Join GitHub today
DataSet user provided shuffled order #14518
It would be very useful if a user will be able to provide the order of examples within a dataset (with repetitions allowed, as only indices are shuffled).
I assume it can be somehow supported by zip-ing together different DataSets, but it would be MUCH easier and more flexible if we could just pass a list of indices. Probably light as well as it shouldn't be a big deal passing one list per epoch.
Please tell me if this feature already exists, and if not, please add it :)
Can you sketch the kind of syntax you'd like for this feature? Do you assume that the entire dataset to be shuffled fits in memory?
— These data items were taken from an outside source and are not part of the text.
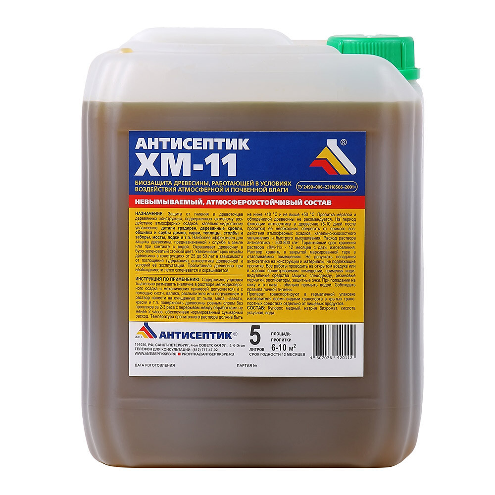 Антисептик ХМ-11 для дерева биозащитный 5 л зеленый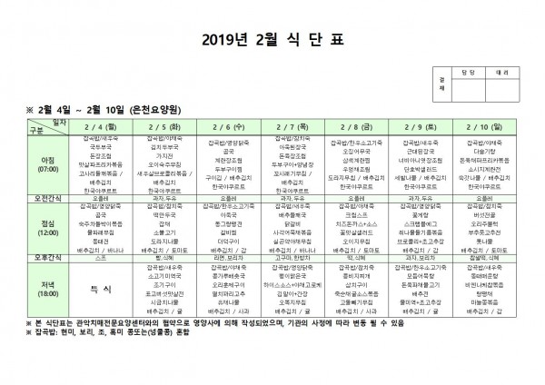 2월 첫째주 식단표 페이지 정보 작성자 은천노인복지회 작성일19-02-13 17:29 조회207,584회 댓글0건 관련링크 이전글 다음글 목록 답변 본문 2월 첫째주 식단표 이전글 다음글 목록 답변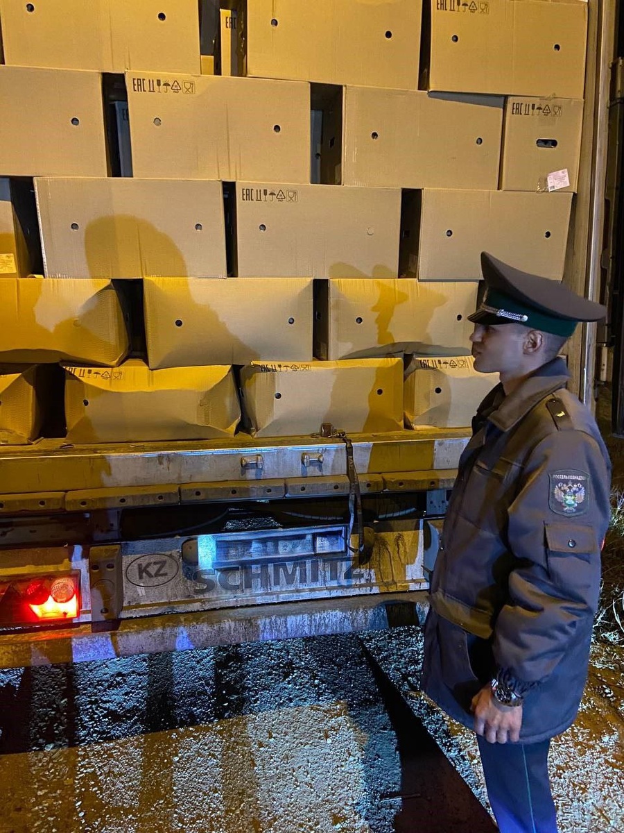 Пресечен незаконный вывоз из Оренбуржья 300 тысяч куриных яиц в Казахстан 14 апреля на российско-казахстанской границе в пункте пропуска «Маштаково» сотрудники Россельхознадзора и ФСБ пресекли попытку вывоза более 300 тысяч куриных яиц. 840 коробок перевезли из Самарской области без необходимых ветеринарных документов. Грузоперевозчик понес административное наказание, а продукцию вернули обратно отправителю.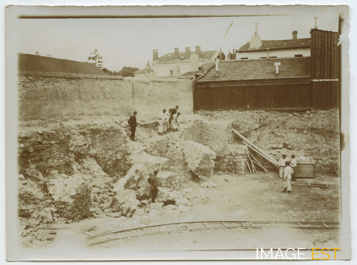 Démolition des contreforts de l'ancien réduit de La Reine à Nancy (Meurthe-et-Moselle), le 16 mai 1906. Une mention manuscrite au verso de cette photographie précise : " 666 - 16 mai 1906 - Destruction par une Compagnie du génie des contreforts de l'ancien réduit - 2 - 25 ". Présence des soldats du génie sur les contreforts en cours de démolition. Rails au premier plan pour le transport des gravats.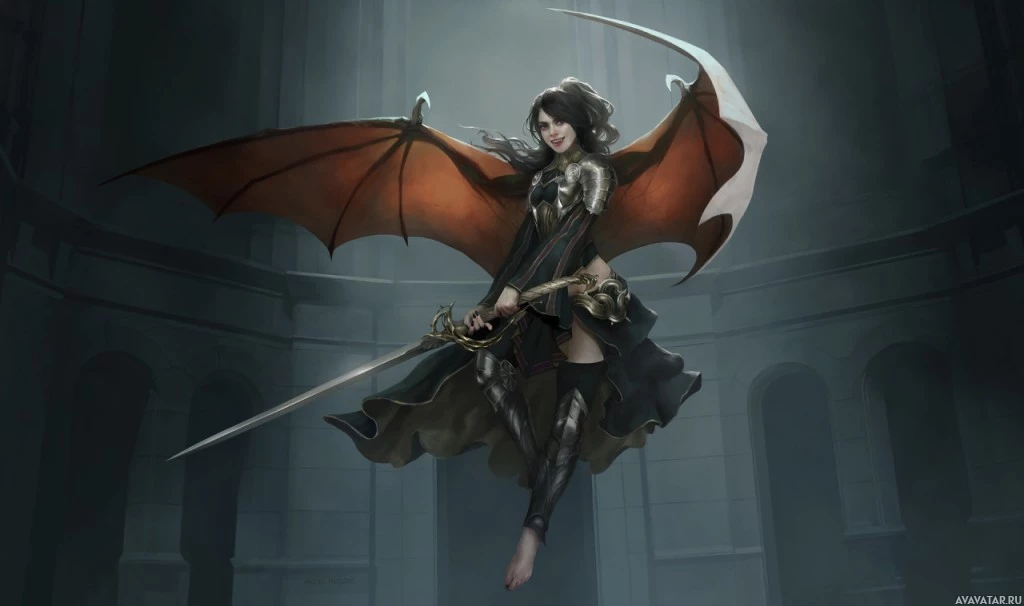 a fantasy character who appears to be a succubus, given the presence of wings and horns commonly associated with mythical beings from folklore. She is holding a sword in one hand, suggesting she might be a warrior or hunter

I'm not sure whether this should be part of the API or a "standard recipe" that we document, but that would depend on how complicated the recipe ends up being....
For example, if we required the data to fit into memory, something like the following would work:
x = ... # Tensor of shape [n, ...] containing all the feature values y = ... # Tensor of shape [n] containing all the labels order = ... # Tensor of shape [?] containing the desired order dataset = tf.data.Dataset.from_tensor_slices(order).map(lambda i: (x[i], y[i]))
Thanks for the quick response!
In the current syntax, to shuffle your elements, you can do something like:
ds = TFRecordDataset([filename]) ds = ds.Shuffle(...)
But that's not useful for unbalanced samples classes scenarios.
My thought was adding something like this:
ds = TFRecordDataset([filename]) examples_order = [0,1,2,4,5,0,3,2,0,3,4,2,0,................] #this was calculated by the user as the desired order (notice the repetition of examples) ds = ds.SetExamplesOrder(examples_order)
An example of a common scenario where this is useful:
Using this syntax, you can manually use whatever logic you prefer, and all that needs to be passed is the indices list.
Another option is to (also?) allow the user to provide custom shuffling python function. This function can be activated before every new epoch if requested.
def my_foo(seed): ... any user logic that returns a list of indices ... return examples_order ds = TFRecordDataset([filename]) ds = ds.CustomShuffling(my_foo)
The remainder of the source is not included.